Combining the floral and skin odor blends is also of interest as they induce sensory activity in entirely different classes of sensory neurons, with floral odors being detected by olfactory receptors (ORs), whereas the detection of the human odor blend, consisting of amines and acids, is entirely restricted to ionotropic receptors (IRs) expressed in grooved peg sensilla[56]. Accordingly, the input from floral and human odor is complementary and induces responses in separate olfactory subcircuits [57]. Combination of input from these subcircuits often lead to synergistic trap catches in other insect taxa example in Drosophila flies [58]. In mosquitoes, however, the relative importance of the OR and IR subcircuitry may differ between distinct behaviors, such as orientation to nectar versus blood host resources [59]. How a combination of input from these classes of sensory neurons influences capture rates in mosquitoes, and e.g. synergize capture rates of each blend separately, has not been systematically analysed. The tests performed here indicate that different from some other insect taxa, IR and OR input does, perhaps surprisingly, not necessarily synergize. Whereas this may indicate a fundamental odor-coding difference between the taxa, it may also simply be due to that the combination, release rates and ratios require further adjustment.

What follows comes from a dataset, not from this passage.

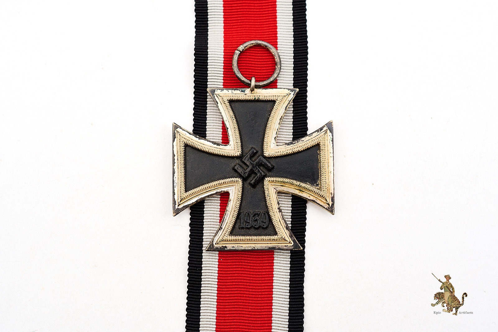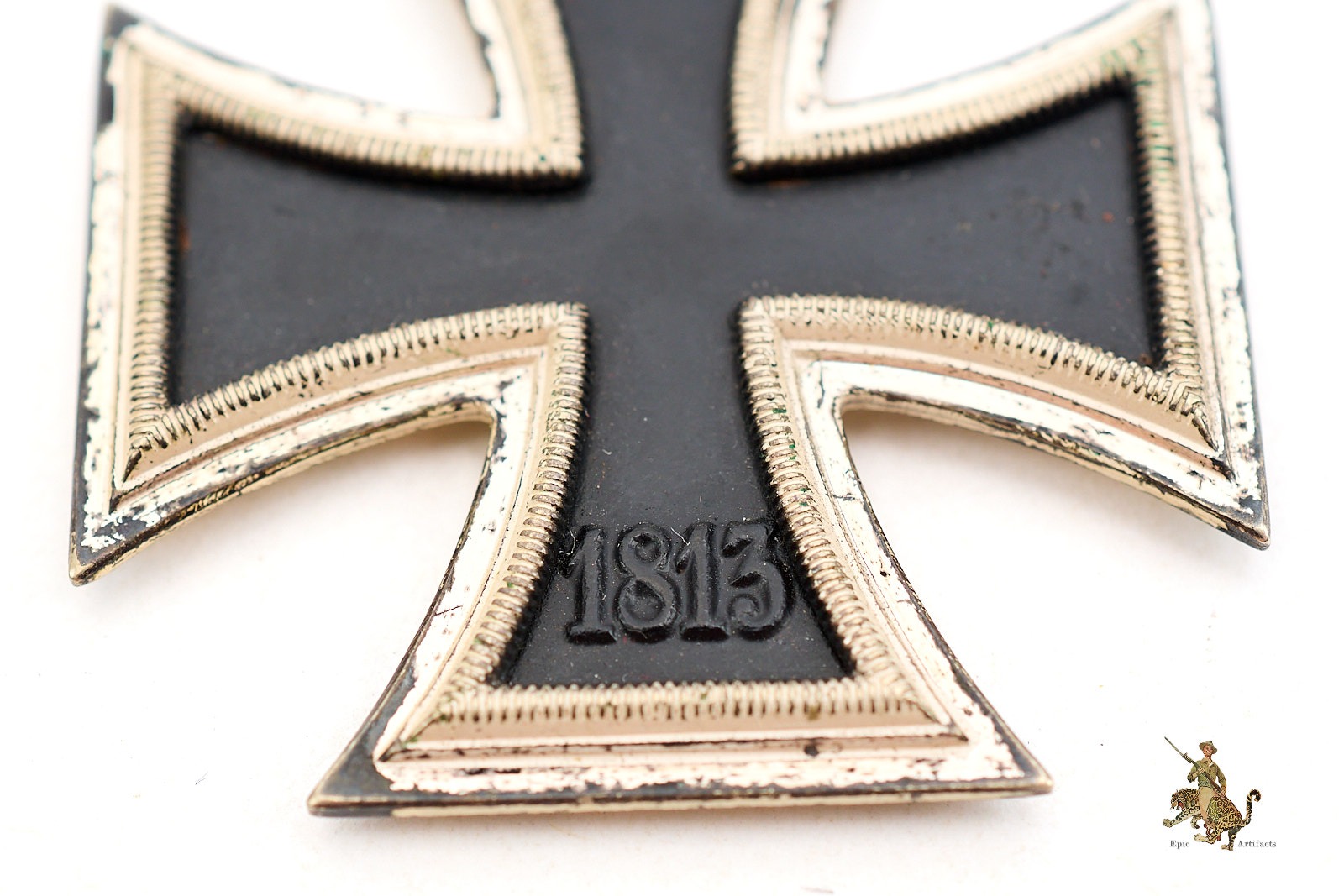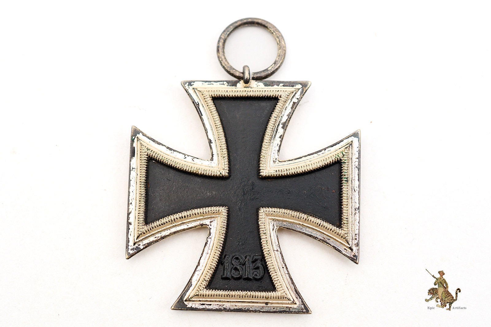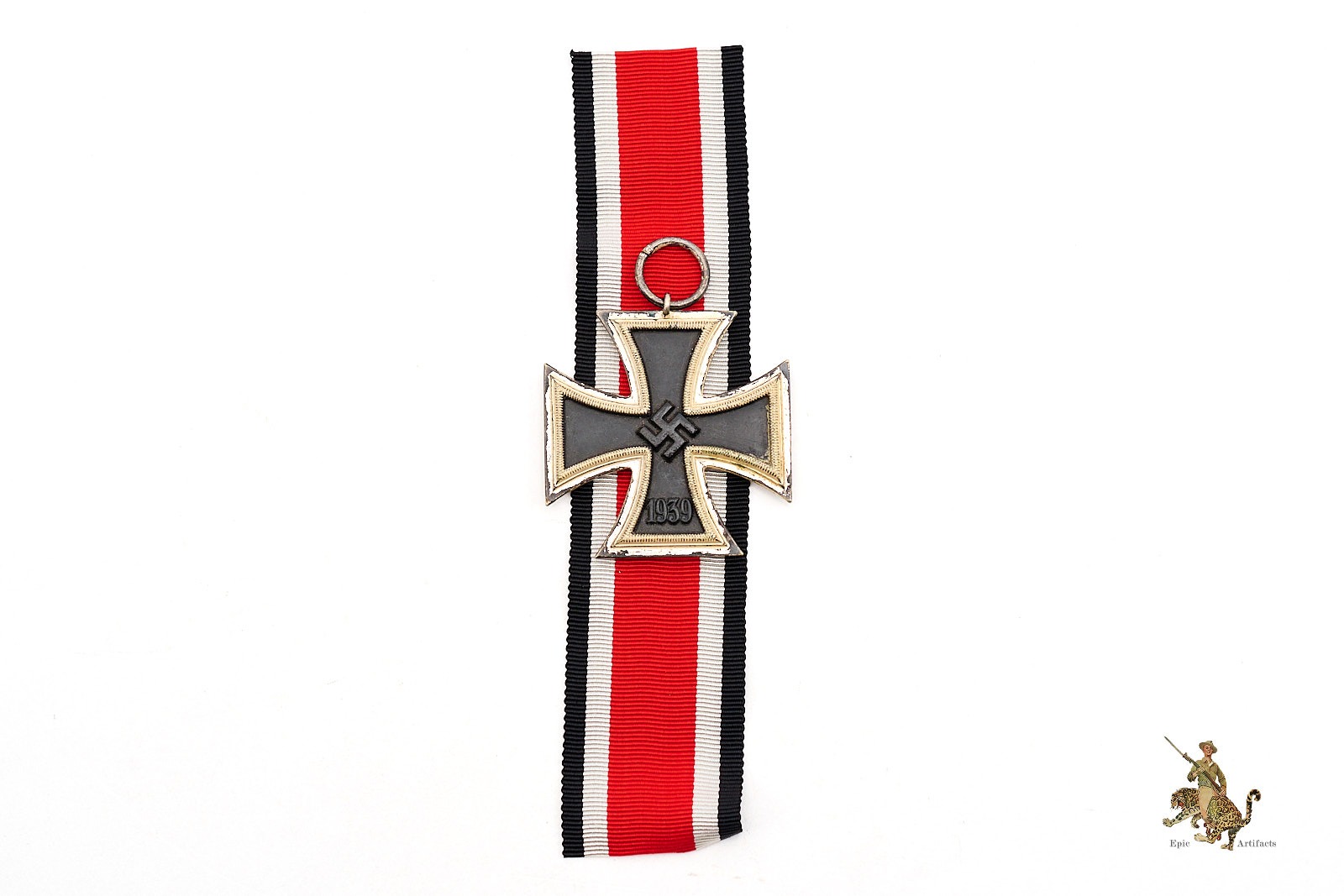 Historical Description: There is no more iconic German military award than the Iron Cross. The long history of this order began during the Napoleonic Wars. King Friedrich Wilhelm III of Prussia instituted the “Eisernes Kreuz” (Iron Cross) in March of 1813. The award criteria changed somewhat with time, but generally speaking, Iron Crosses could be awarded for individual acts of bravery, or for leadership achievements on the battlefield. The design was created by a Karl Friedrich Schinkel, his choice of the black cross with silver outline was derived from the heraldic emblem of the Teutonic Knights. There were a number of different type and grades of Iron Cross awards throughout its long history, but the basic details of the most widely awarded grades: The Iron Cross 1st Class and Iron Cross 2nd Class- remained the same. The first-class award was a breast badge, with fittings on the reverse to allow it to be worn on the uniform. These fittings varied widely over time and from maker to maker, and could be a simple in and catch, a screw post and retaining disc, or more elaborate setups. The second-class award was suspended from a ribbon, originally in the Prussian colors of black and white, later in the Reich colors of black, red and white. On the original versions of these crosses, in 1813, the front of the iron core of each grade was bare, and only the second-class award had ornamentation: a crown over the initials “FW” representing the King, a sprig of oak leaves, and the date 1813. The core was redesigned in 1870, when the cross was re-instituted during the Franco-Prussian War. The reverse ornamentation on the Iron Cross 2nd Class remained the same, but the front of the core on both grades now bore another crown, a “W” representing Kaiser Wilhelm, and the date 1870. This pattern repeated again when the cross was reinstituted for WWI- everything stayed the same, only the date 1870 was replaced with 1914. The final reinstitution of the cross came in 1939. For this version, the front of the core for both grades bore a swastika and the date 1939. The oak leaves, crown and royal initials were removed from the reverse, with only the date 1813 remaining as a reminder of the legacy of this award. In WWII, hundreds of thousands of Iron Cross First Class awards were bestowed, and four and a half million Iron Cross Second Class awards. Iron Crosses were made by a large number of authorized manufacturers Some variants of these awards were mass produced in huge numbers. Others were made in very limited quantities.

The results further suggest that a previous blood meal experience modulates olfactory preference. Shifts in blood host preference has been reported for mosquitoes [60,61]. Similarly, shifts in preference have been found depending on internal state, such as age, mating status, physiological status, and blood feeding status [62-64]. The modulation observed here, from floral to skin odor, also implies that following a bloodmeal mosquitoes may increasingly ‘weigh’ input from the IR circuitry, tuned to vertebrate hosts, in behavioural preference. Further research is needed to more in depth evaluate protracted effects of a blood meal on nutritional status and preference modulation, as implied by our results.

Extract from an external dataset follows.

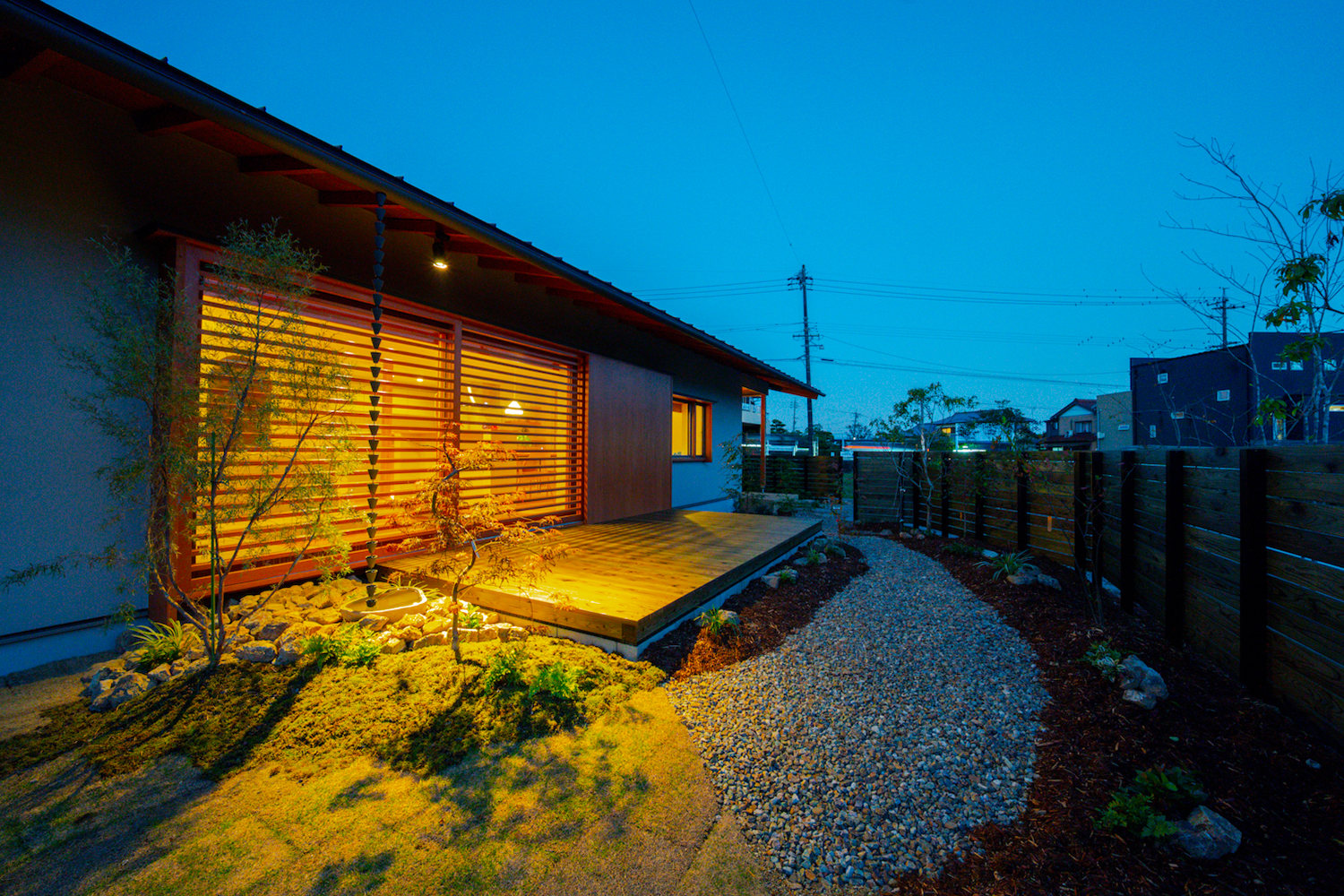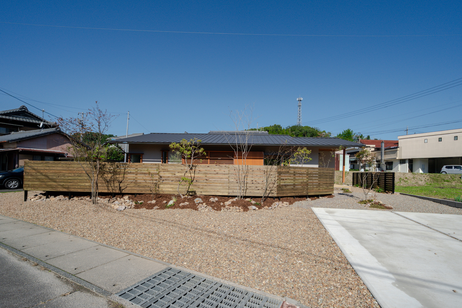 駐車スペースは2台分を確保しつつ、砂利部分にも1台分の余裕があります。来客時にも安心です。庭には植栽を配し、ウッドフェンスで視線をほどよく調整しています。奥行きのあるウッドデッキもあり、外で過ごす時間が自然と増えていきそうです。軒を深く取っているため、窓を開けて過ごしやすく、雨がかかりにくいのもいいですね。

From an applied perspective the results offer interesting angles. Although we did not find any augmentation of trap catches by combining floral and skin odors, the combination did catch both nulliparous and parous mosquitoes (which differs slightly from earlier reports, 37-40), and would therefore attract mosquitoes relatively independently of physiological status, these being either searching to replenish carbohydrate energy reserves for flight and maintenance (floral odors) [19, 65,66] or searching for hosts to support reproduction (skin lure, a human skin-mimicking blend of volatiles) [28,67,68]. Although there was significant attraction to either floral and skin odor blends, alone and in combination, to both parous and non-parous females, this study did not compare the attraction of the blends to a living human. Further research is needed to assess the attractiveness of the new odour blends compared to that of humans in natural field settings.